El último día en la capital visité el barrio Copto, donde viven los cristianos ortodoxos. El Copto está situado al otro extremo de la ciudad, en la parte más antigua, y decidí coger el metro. Fue toda una experiencia. Estábamos a más de 45 grados y en los vagones la gente se apretujaba como sardinas, aunque creo que la única que manifestaba el agobio por la falta de movimiento y el calor era yo. Me percaté que existían compartimentos exclusivamente para mujeres. En este caso, y teniendo en cuenta las deficientes condiciones de viaje enl metro, podríamos llamarlo discriminación positiva para la mujer.
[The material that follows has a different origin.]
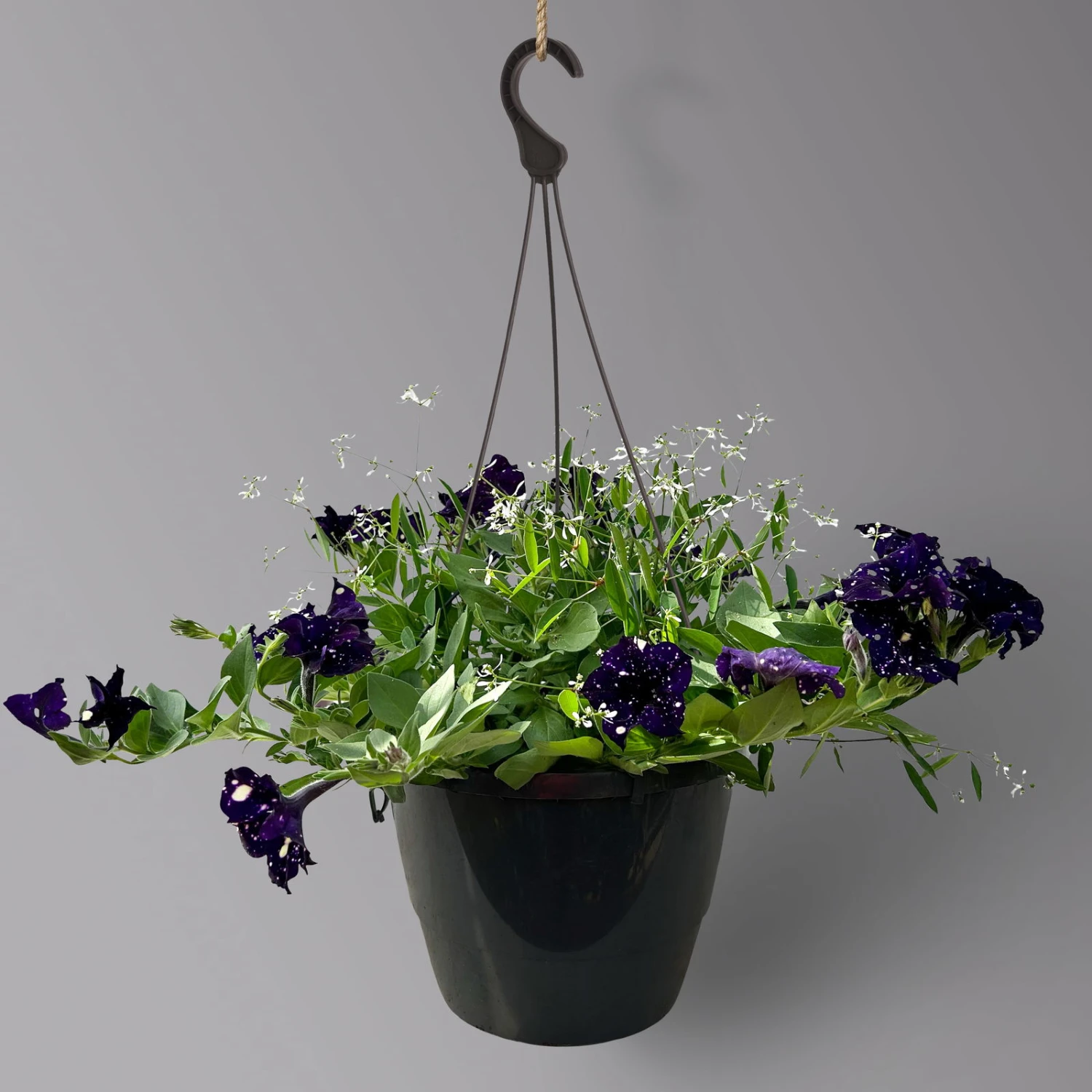 Petunie ‚Mystery Sky‘ & Schneewolke Dunkelblau-weiß, Ampeltopf-Ø 25/27 Cm
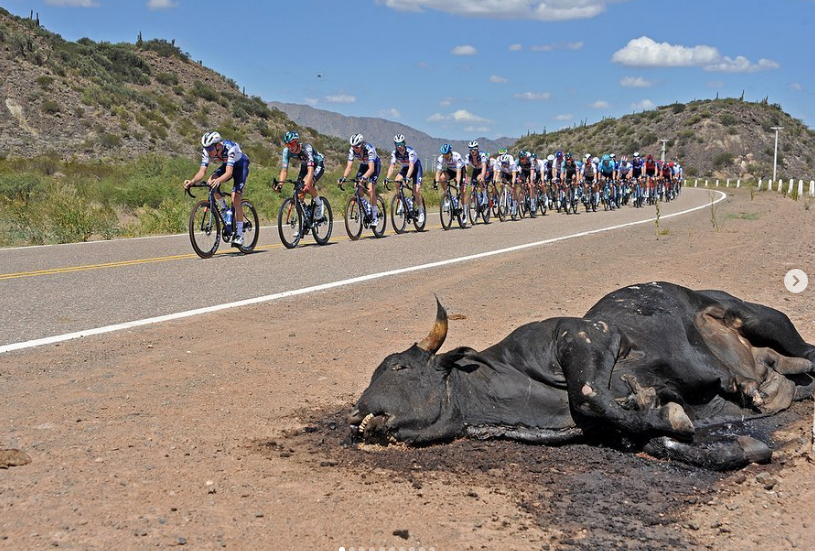 Si bien no especificó en la publicación en cual de las etapas registró la postal, es una cruda imagen de la naturaleza misma en pleno desierto. Una vaca muerta al costado de la ruta y el pelotón pasando detrás impacta. El animal vacuno yace al costado del camino y en aparente estado de descomposición.

Antiguas iglesias ortodoxas, con coloridas y singulares relíquias y museos perfectamente conservados es lo que encontré en este barrio completamente peatonal, cuyas gentes acogen al turista con gran amabilidad.

Pero si algo superó la ficción de lo que me había imaginado antes de llegar a Egipto fueron los Desiertos Blanco y Negro, entre los tres Oasis occidentales del país: Bahariya, Farafra y Dakhala. Más de 500 kilómetros de puro desierto, llenos de pequeños montículos de rocas negras y blancas, sin poder vislumbrar el horizonte y entre los cuales se levantaban tres grandes oasis de vegetación de palmeras, guayabas, naranjos y manantiales de agua que brotaban de la misma tierra. Toda esta belleza la pude observar subida en un autobús de las líneas regulares egipcias, siendo la única occidental de entre los 60 pasajeros, algunos de los cuales se apeaban, como yo, en el Oasis de Bahariya.

A medida que nos adentrábamos en el desierto crecía mi entusiasmo, solo interrumpido por la joven que iba sentada a mi lado, vestida de negro y tapada completamente de la cabeza a los pies. Percibí que me estaba mirando y con un inglés muy mediocre me dijo que le encantaba mi pelo lacio y mis ojos verdes. Entonces, para sorpresa mía, Saray, así se llamaba, se quitó el velo de la cara y me confesó que le gustaría ir vestida como yo y que la vida en su pueblo era muy aburrida.

Después de 5 horas de viaje llegué a Bahariya. Me encontré con un pueblecito lleno de palmeras y guayabas, situado entre los desiertos Negro y Blanco, con gentes de una gran hospitalidad. Era ramadán. A la ruptura del ayuno, en la caída del sol, la familia de mi guía, Abdel, me invitó a dátiles y al caldo típico de la zona, a base de carne de ternera y patatas.

Al día siguiente, recorrí en un cuatro por cuatro el desierto Negro, espectacular, con sus rocas negras erosionadas por la fuerza del viento. Además visité las riquezas arqueológicas de la época de los faraones, descubiertas en Bahariya por una expedición de ingleses durante los años 90. Tumbas faraónicas únicas en el mundo. Momias recuperadas y ahora conservadas en un pequeño museo que el Estado ha construído en este Oasis. Muy cerca de allí está también la tumba del gran Alejandro Magno.

Cuántas maravillas pude ver en este país: Egipto, del cual dicen en Europa que no es seguro por sus conflictos internos, pero que sin duda merece la pena visitar. Mi próxima parada por este inmenso país árabe fue Luxor, la antigua Tebas. Su historia me la reservo para el próximo artículo.